### WHAT THIS TASK INVOLVES
Reproduce the lines below exactly, from the one containing "- Now, fold" through the one containing "スキンケア商品に求めるもの「効果」「ラクさ、手軽さ」", both included. Leave out any pictures.

[Records from a dataset]
========================

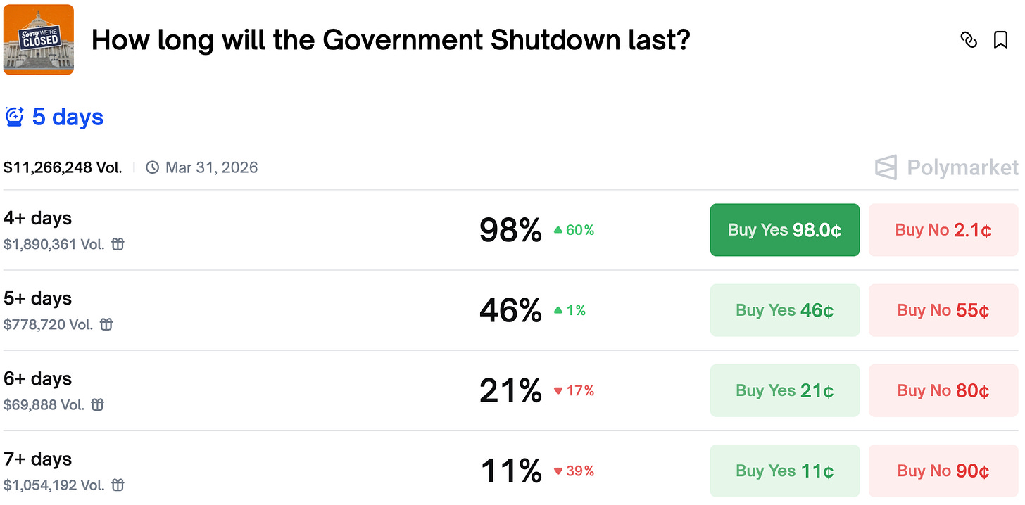 After it turned out there will be a partial shutdown after all, traders moved their forecast and the market now sees a 5-day shutdown while Democrats and Republicans discuss DHS funding. Democrats demand concessions after the tragic events in Minnesota.
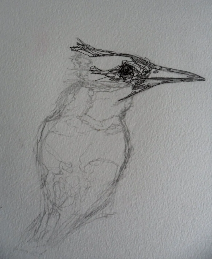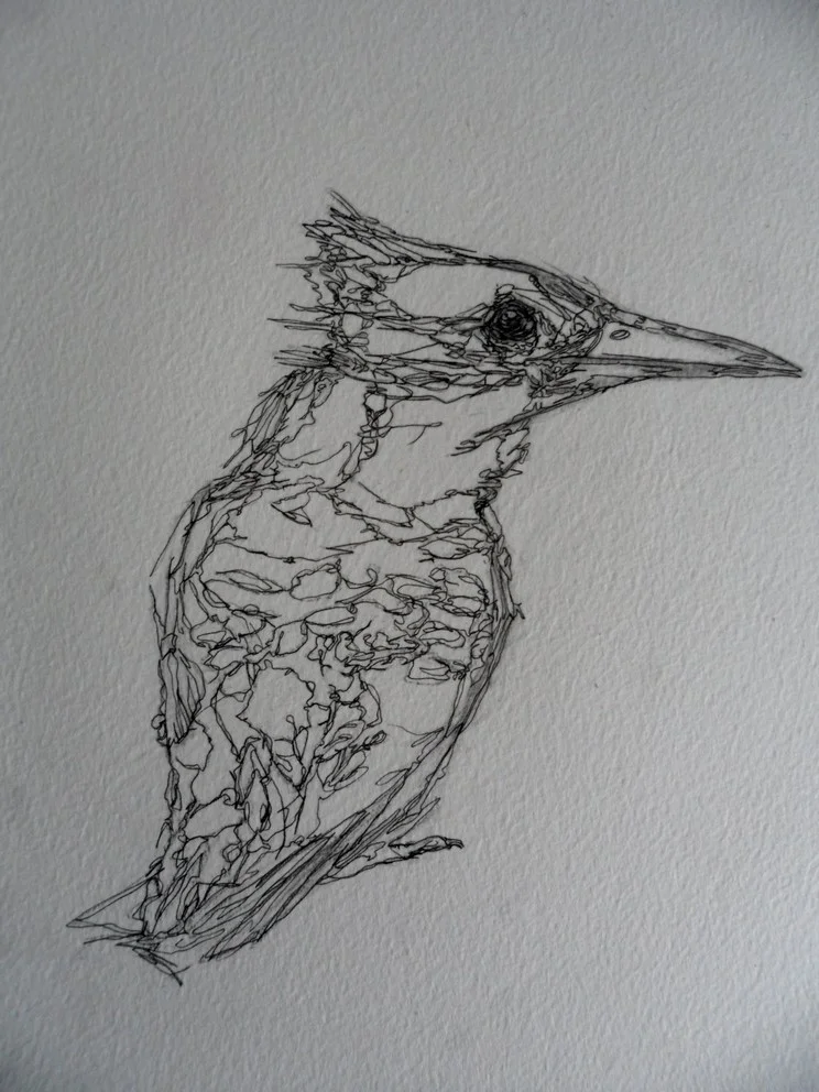 A continuous-line illustration inspired by a pied kingfisher photo by Thom Haslam. This illustration was made using watercolour, ink, gouache and white pen.
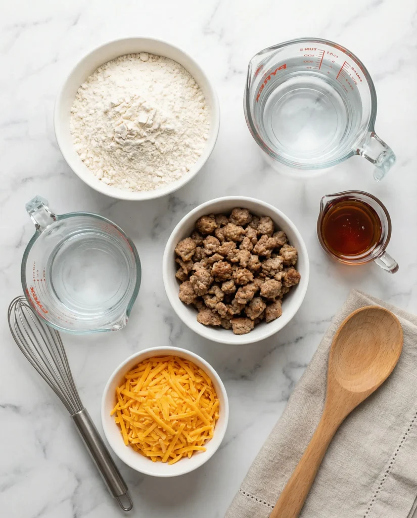 - Now, fold in the cooked sausage, shredded cheddar cheese, and maple syrup. It should look and smell fantastic—the sweetness mingling with the savory sausage is what dreams are made of.
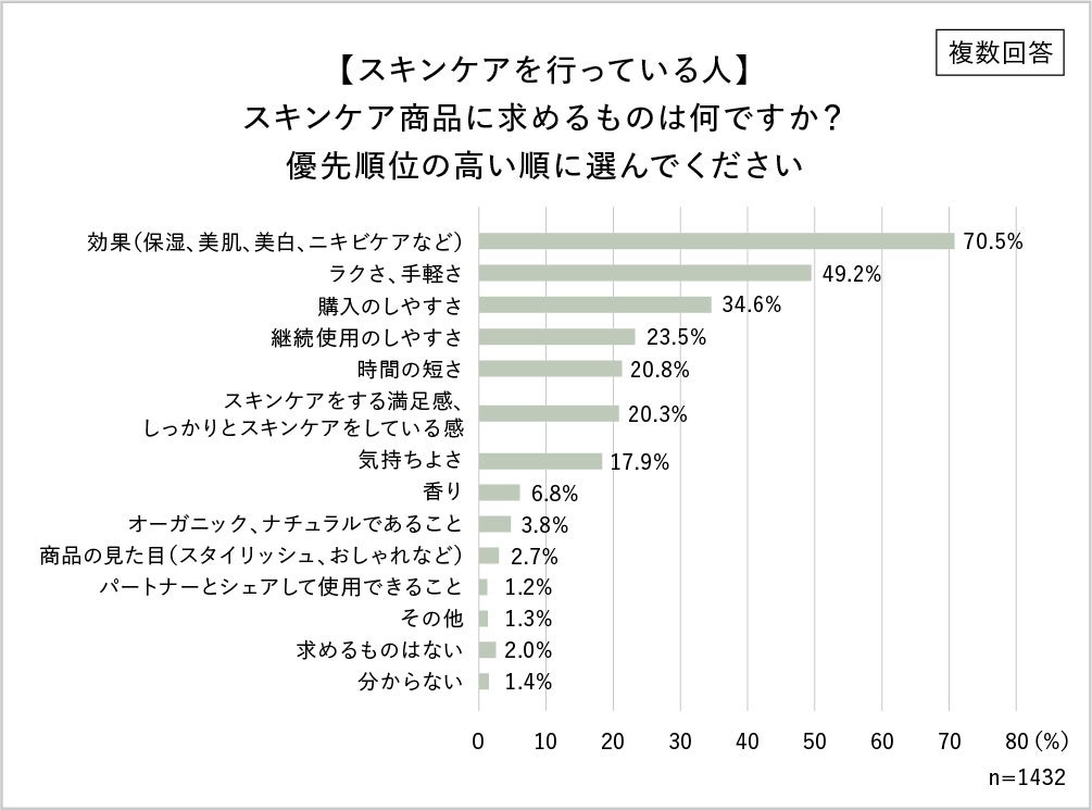 スキンケア商品に求めるもの「効果」「ラクさ、手軽さ」
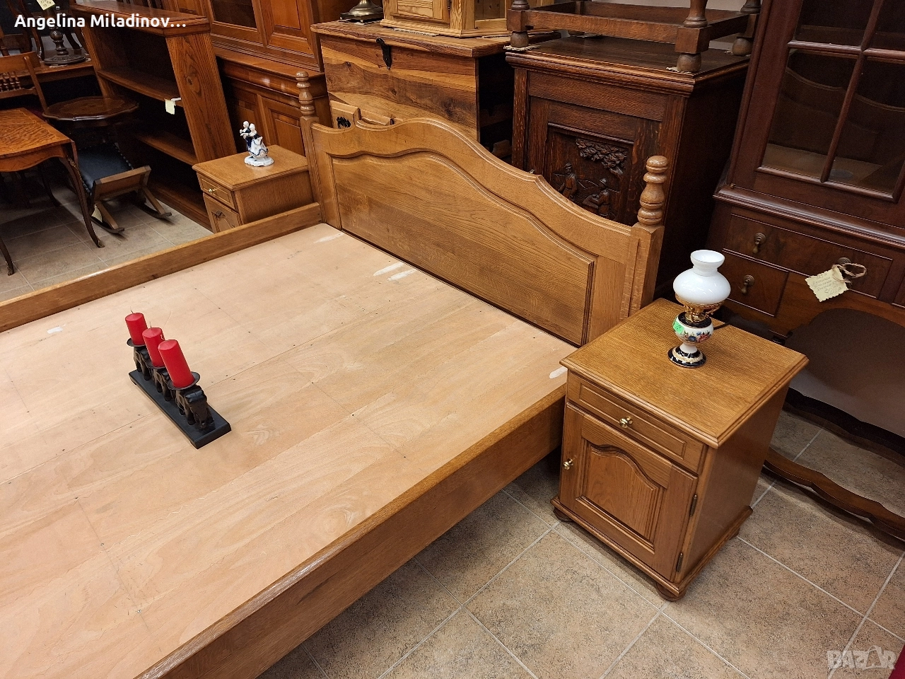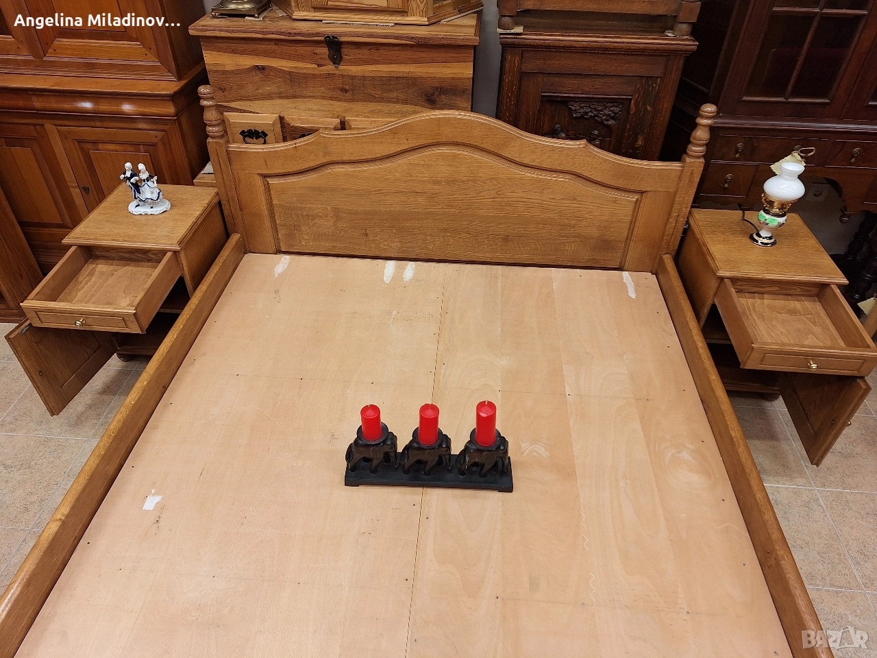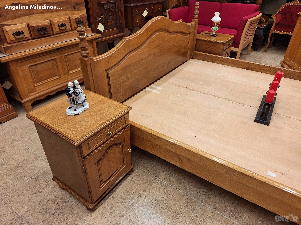 К - т спалня и две нощни шкафчета. Масивна дъбова спалня за матрак 160/200 см с

========================

### RESPONSE TO THIS EXERCISE
 - Now, fold in the cooked sausage, shredded cheddar cheese, and maple syrup. It should look and smell fantastic—the sweetness mingling with the savory sausage is what dreams are made of.
 スキンケア商品に求めるもの「効果」「ラクさ、手軽さ」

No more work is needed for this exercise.